Developing the Right Team
Artificial intelligence (AI) success is impossible without strong data governance, and behind every effective governance framework is the right team. The evolution from policy to practice depends on clear ownership, accountability, and alignment across the organisation. As AI adoption accelerates, companies must evolve from ad hoc governance to integrated operational governance that connects data, security, and legal functions.
In this second part of our series, we focus on three critical pillars for operationalising AI data governance: clearly defined roles and responsibilities for Data Owners and Stewards, strategic alignment with Security Operations, and partnership with Legal for Data Breach and Incident Response preparedness.
Clearly Defined Roles and Responsibilities for Data Owners and Stewards
AI systems are only as reliable as the data that fuels them. Yet in many organisations, the lines between who owns data and who manages it are blurred. This is where formalising data ownership and stewardship becomes a strategic necessity.
Data Owners are accountable for the quality, integrity, and appropriate use of the data within their domain. They make key decisions regarding classification, retention, and authorised use, which is particularly critical when datasets are used to train or inform AI models.
Data Stewards operationalise those decisions by maintaining metadata accuracy, monitoring for compliance drift, and ensuring that policies translate into daily data management practices.
Defining these roles creates a clear chain of custody for every dataset. When an AI model produces biased, inaccurate, or noncompliant results, the organisation can trace the lineage back to its source and take corrective action. Without these defined responsibilities, accountability weakens, and remediation becomes guesswork.
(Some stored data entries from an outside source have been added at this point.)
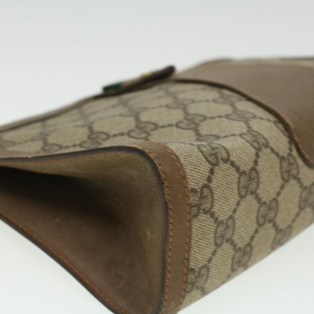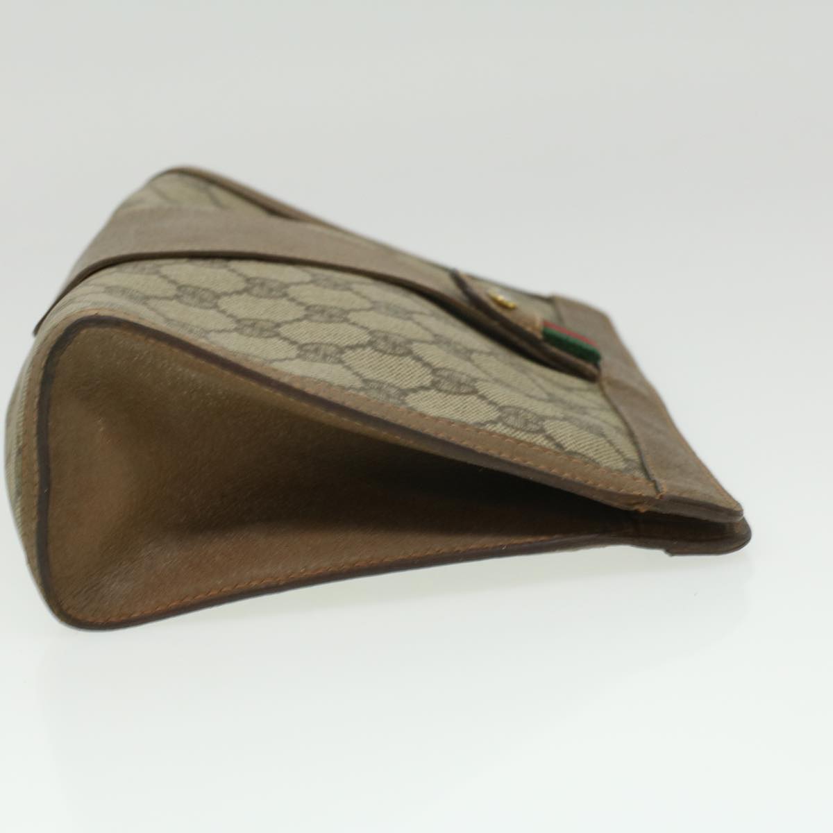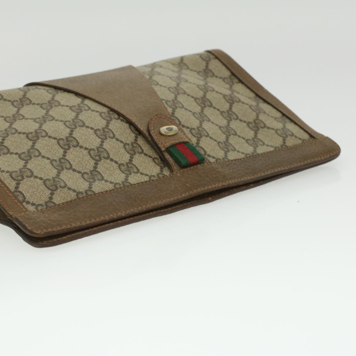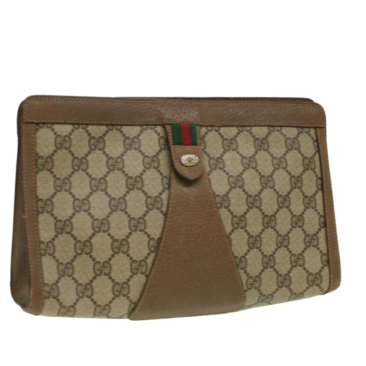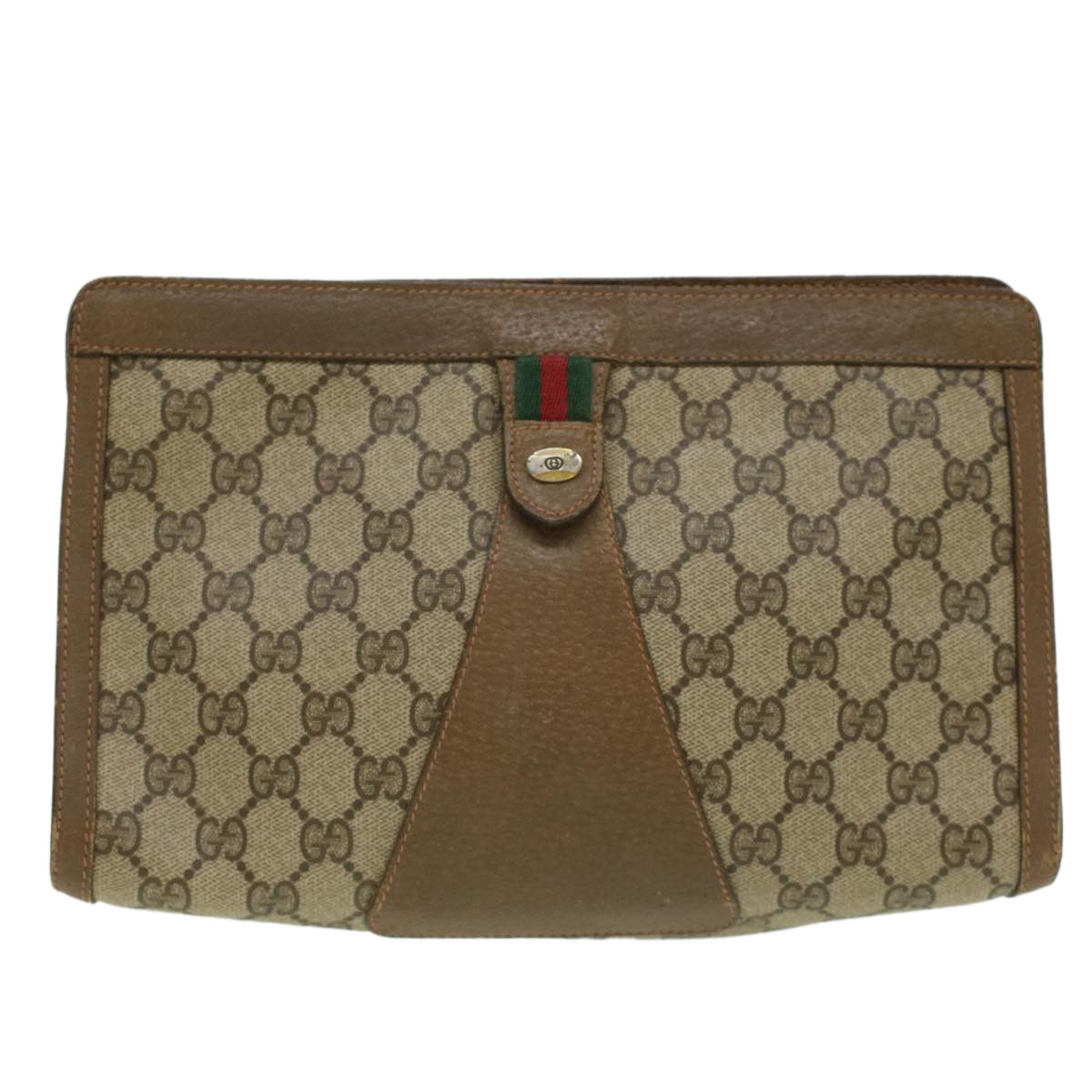GUCCI Web Sherry Line GG Canvas Clutch Bag PVC Leather Beige Green th3181
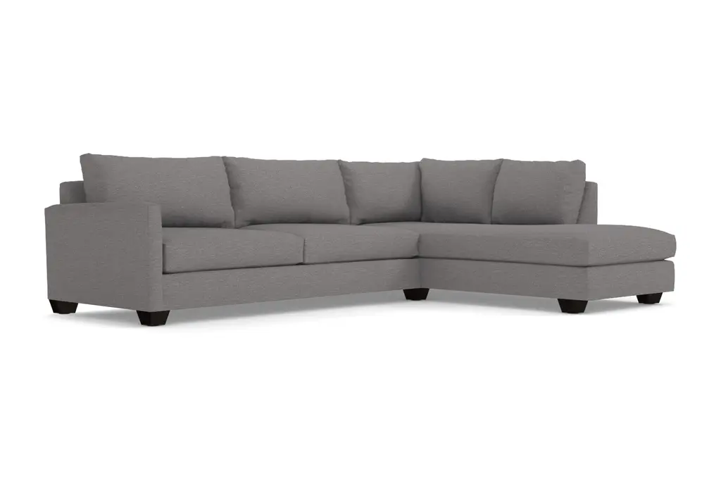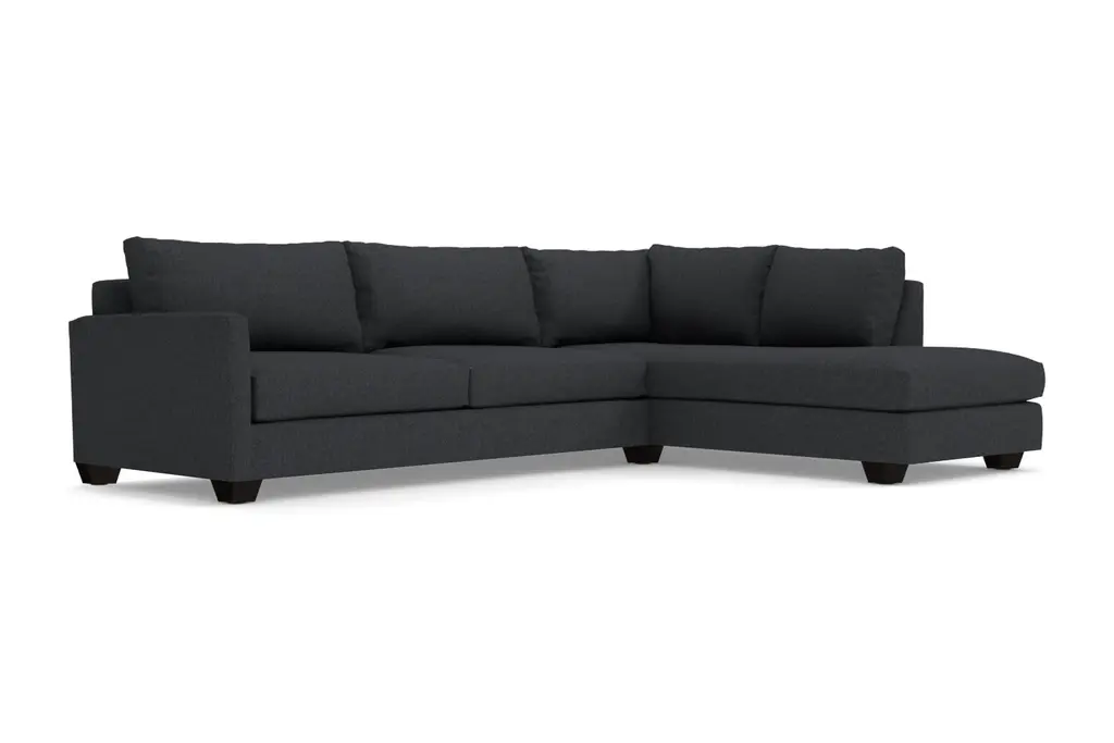 With the Tuxedo's plush, oversized cushions and a relaxing chaise made for lounging about, you'll soon realize that going out is overrated. This two-piece sectional is the ultimate in comfort and with our breathable, easy-to-clean upholstery, it's also low maintenance, so you can spend more time relaxing and less time fussing. Its contemporary style features wooden block legs for a cool aesthetic and its transitional look will make the perfect addition to your living room. You have your choice of nearly 40 colors, so you'll have no problem finding the perfect shade. Our Tuxedo Collection is made right here in the United States and comes with a limited lifetime warranty, so you really can't go wrong. All dressed up and nowhere to go. The Tuxedo Collection was made for staying in. A transitional look that can translate to any style room, dress it up with pillows or throws to achieve your own look!
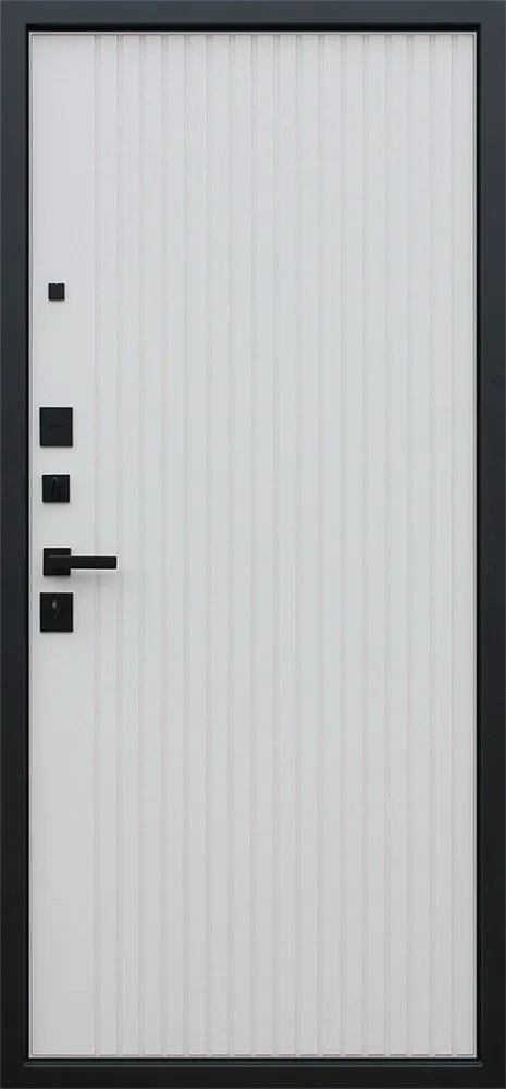 Порошковое покрытие "Муар черный". Экошпонированная дизайнерская панель МДФ 10 мм. Линейная фрезеровка. Цветовая комбинация: "дуб кантри темный", черное патинирование по фрезеровке. Наличник МДФ гладкий 80 мм., цвет "черный кварц".
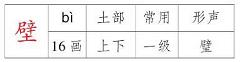 组词: 壁报 壁橱 壁灯 壁虎 壁画 壁垒 壁毯 壁纸造句: 【壁报】这期壁报办得很有特色。 【壁虎】小壁虎喜欢吃昆虫。 【壁画】敦煌莫高窟的壁画举世闻名。 【壁纸】我家卧室的墙上贴了壁纸。
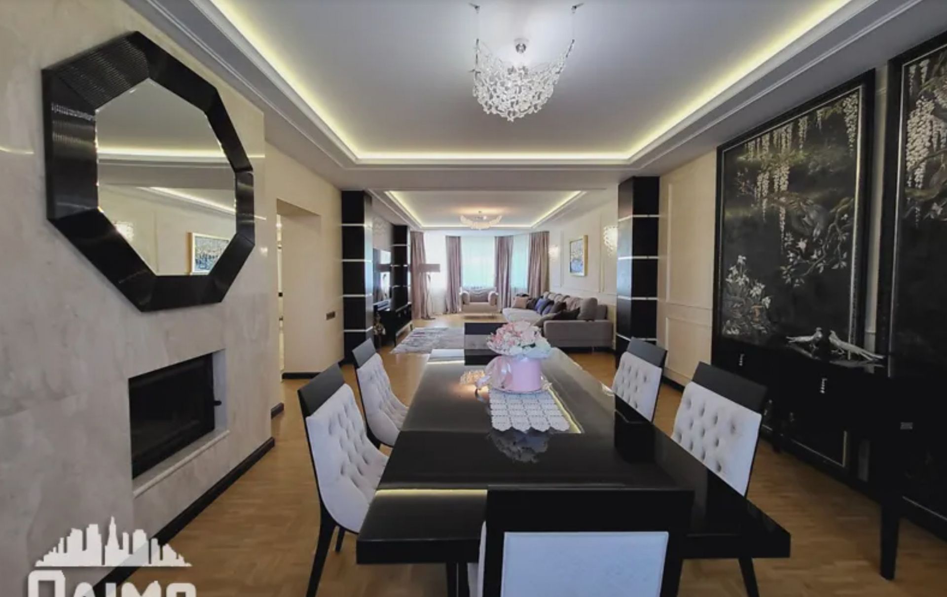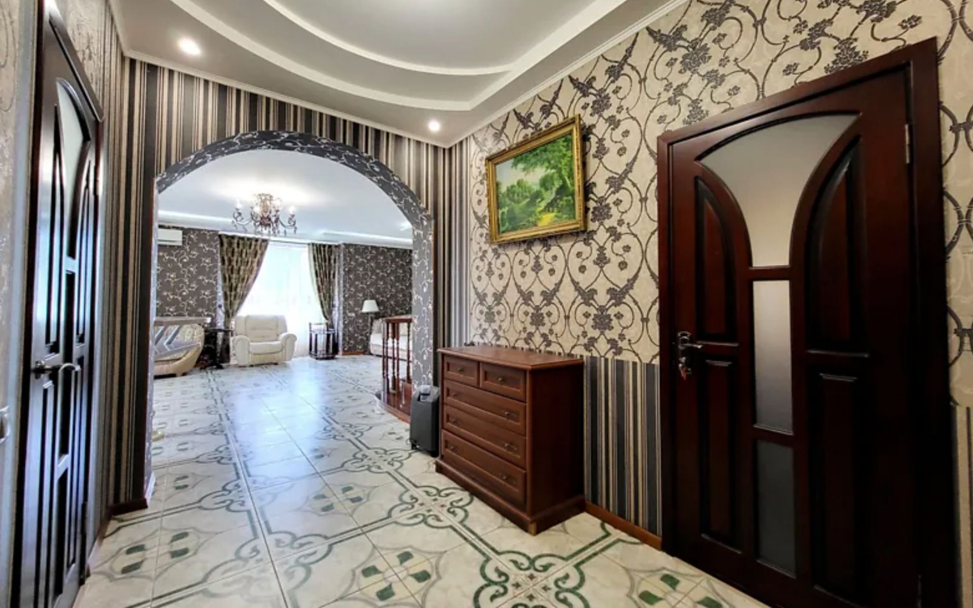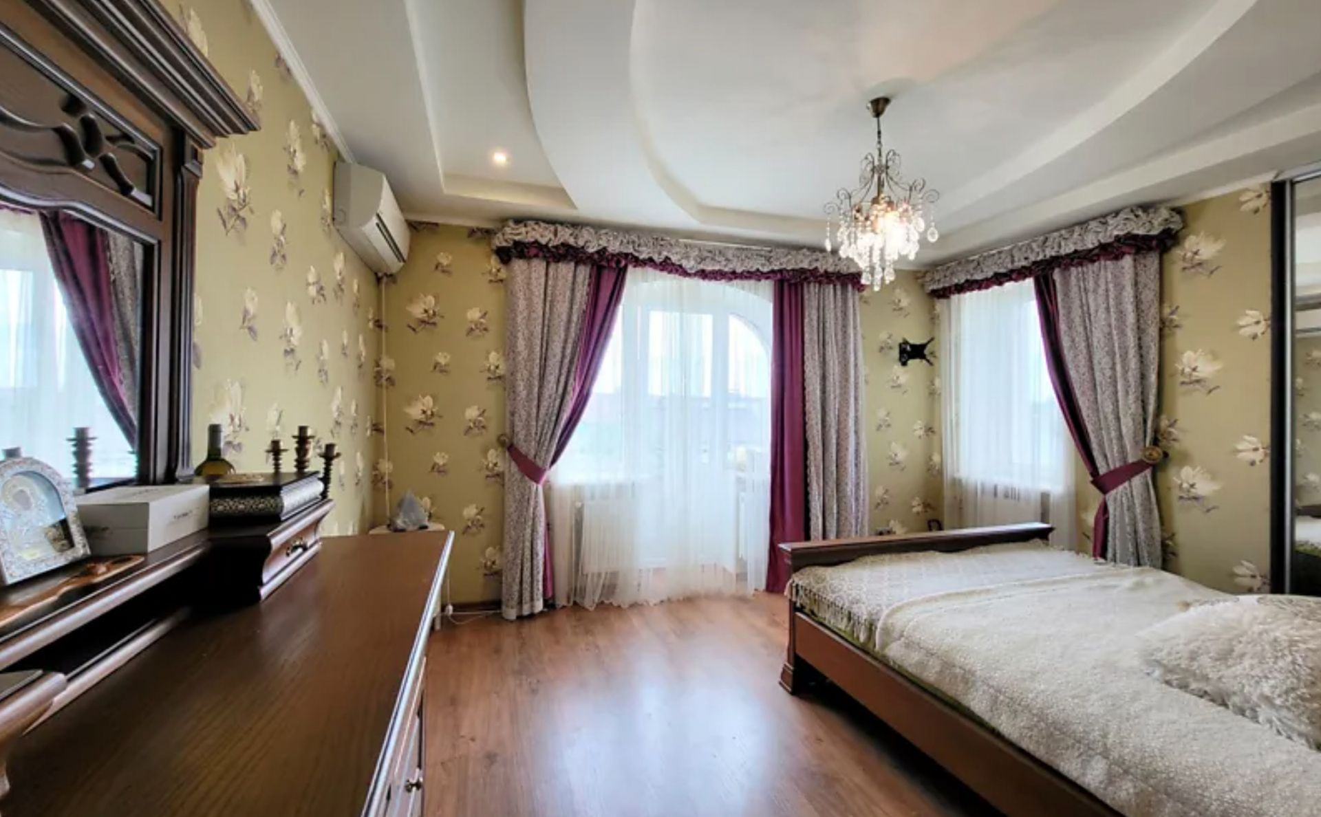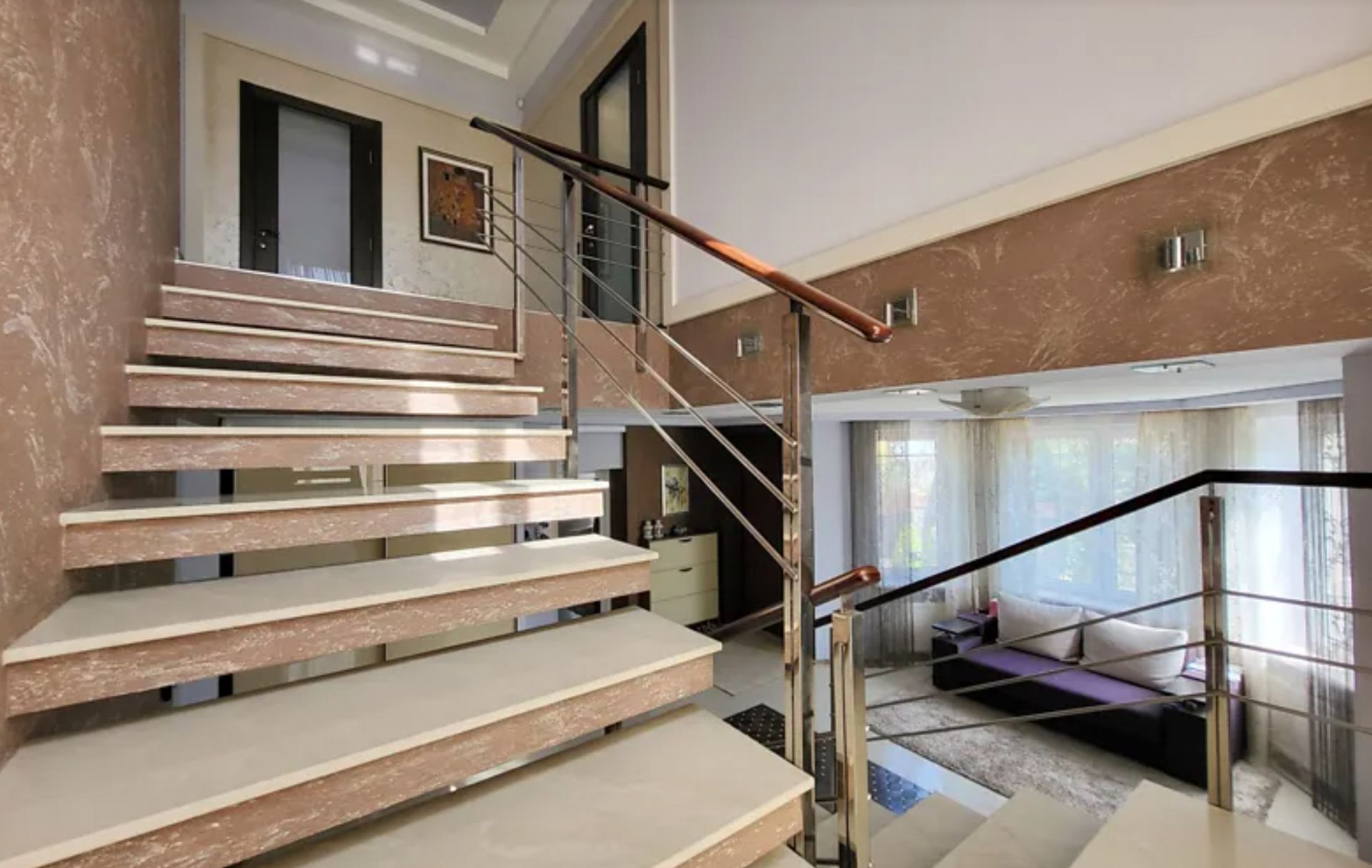 Триповерховий будинок у центрі міста має площу 387,3 м² і розташований на ділянці 16 соток. Усередині виконаний євроремонт, зокрема мармурова підлога з підігрівом і сходи з натурального дуба. У будинку є камінний зал, простора кухня та якісно облаштовані житлові кімнати.

Effective AI data governance teams establish data domain councils or cross-functional working groups to ensure that every dataset, structured or unstructured, has a designated owner and steward. This clarity forms the foundation for trustworthy, transparent, and auditable AI operations.
How Roles Are Assigned and Who Assigns Them
Roles for Data Owners and Stewards are typically established through a structured governance process led by the organisation's Data Governance Council, chaired by the Chief Data Officer or Chief Information Security Officer. The council designates Data Owners across business domains such as Finance, HR, or Operations, while departmental leaders appoint Data Stewards who manage day-to-day data quality and compliance activities.
Assignments are documented in the organisation's data governance catalogue or platform (for example, Microsoft Purview or Collibra) to ensure visibility, accountability, and traceability. Each role includes defined responsibilities, escalation paths, and authority levels aligned with enterprise data and AI governance policies.
Once assigned, Owners and Stewards receive governance and compliance training, with roles reviewed periodically to ensure they remain aligned with organisational structure, system changes, and regulatory requirements.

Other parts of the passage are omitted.